At first glance, the new Google Pixel Tablet is just an 11-inch slate powered by Android and Google’s AI-centric Tensor G2 chipset. And that certainly is the case, but it doesn’t take long to realize that Google is trying to market the Pixel Tablet as more than that. Thanks to its included charging dock, it’s a dual-purpose device that can act as a smart home display and hub. And in Google’s view, this is the way to fix Android tablets.
Google seems to really want to push this dual-purpose idea, and to this end, the company includes the charging dock – which has a built-in speaker – alongside its tablet for $499, which sounds like a fair deal. Google presents this dual-purpose Android tablet idea as the expected default way to experience the Pixel Tablet. There’s no wall charger in the box, but the tablet ships with a whole speaker stand. It’s a clever idea from which Samsung might be able to learn some things.
Samsung, where’s our complementary Galaxy Tab keyboard attachment?

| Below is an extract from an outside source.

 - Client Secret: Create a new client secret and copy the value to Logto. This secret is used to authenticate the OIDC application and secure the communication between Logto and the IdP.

One of the main things setting Samsung’s high-end tablets apart is that they come with DeX, which can essentially turn them into laptop replacements. Samsung tried to push this laptop replacement concept to the forefront more than ever with the Galaxy Tab S8 Ultra, but in my opinion, it failed to deliver a clear message and the right tools for this idea to click in people’s minds the right way and truly materialize.

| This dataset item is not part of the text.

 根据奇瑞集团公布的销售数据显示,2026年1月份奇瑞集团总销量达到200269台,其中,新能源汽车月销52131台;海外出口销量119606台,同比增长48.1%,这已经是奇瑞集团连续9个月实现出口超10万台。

Google, on the other hand, appears to have ticked all the right boxes for its new Android tablet concept. Google’s ads, as well as the product itself, communicate this dual-purpose tablet-smart home hub concept very well. And more importantly, the Pixel Tablet’s charging speaker dock is part of the default tablet experience, included in the package, all for $499. There’s just no way around it, unless customers choose to pay extra for a wall charger.
In contrast, Samsung, despite already having the powerful DeX platform at its disposal, failed to communicate clearly what a laptop replacement could be. A big reason why is that the company doesn’t offer a keyboard attachment included in the Tab S series’ prices but sells these accessories separately for exorbitant prices.

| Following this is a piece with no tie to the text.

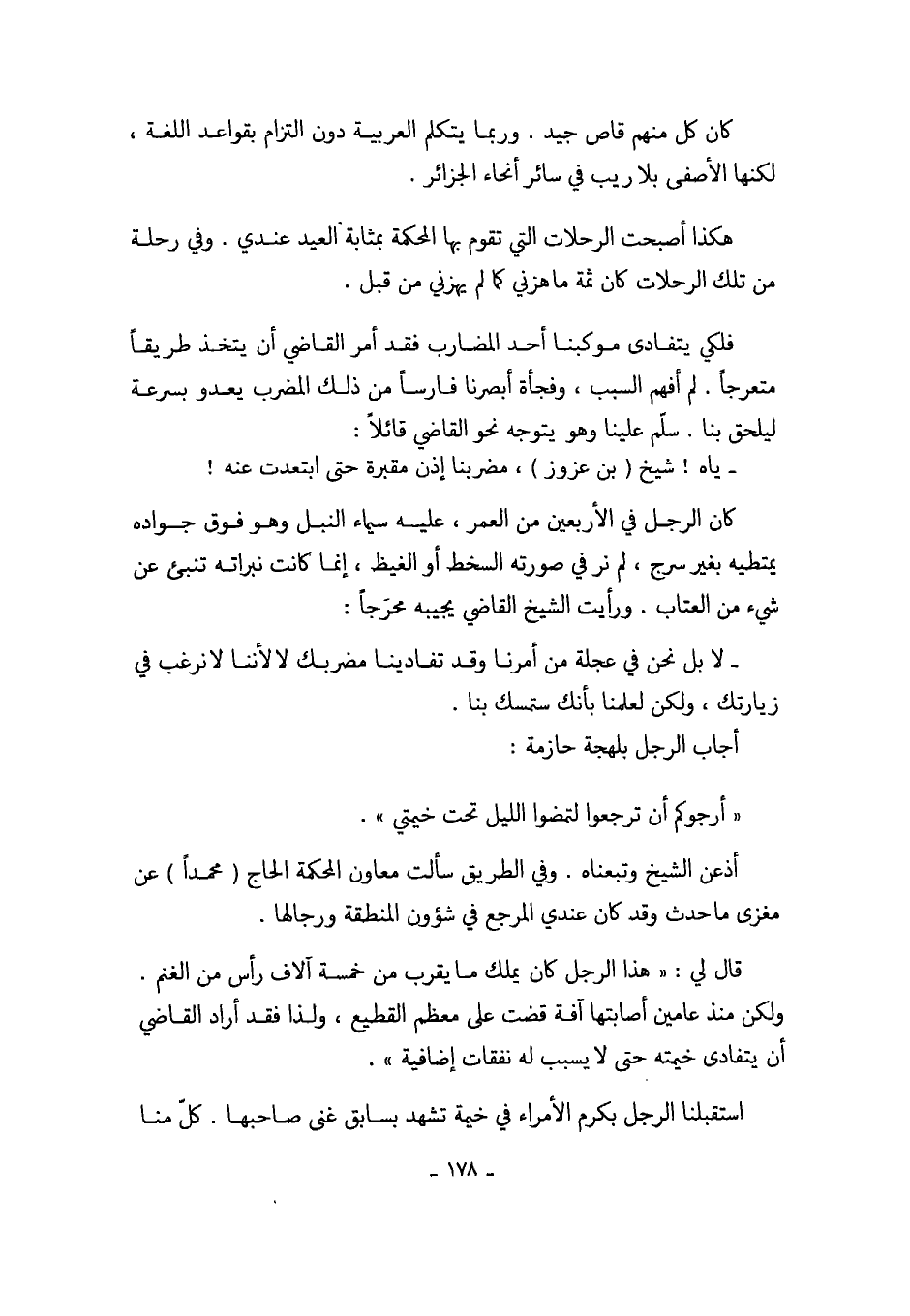 فلكي يتفادى موكبنا أحد المضارب فقد أمر القاضي أن يتخذ طريقاً متعرجاً. لم أفهم السبب، وفجأة أبصرنا فارساً من ذلك المضرب يعدو بسرعة ليلحق بنا. سلّم علينا وهو يتوجه نحو القاضي قائلاً:

Needless to say, because Samsung’s keyboard attachments are, in fact, a high barrier to entry, this hinders the evolution of DeX and prevents the Tab S series from reaching their full laptop replacement potential and possibly even revolutionizing Android tablets in new, clever ways.
Whether the Pixel Tablet is a threat to the Tab S series and whether or not Google will successfully convince people that its new tablet is also a smart display/speaker/hub is to be determined. But the way the company presents its dual-purpose tablet idea deserves merit. And if Samsung can learn anything from Google’s Pixel Tablet launch, it’s how to try to sell a new tablet concept.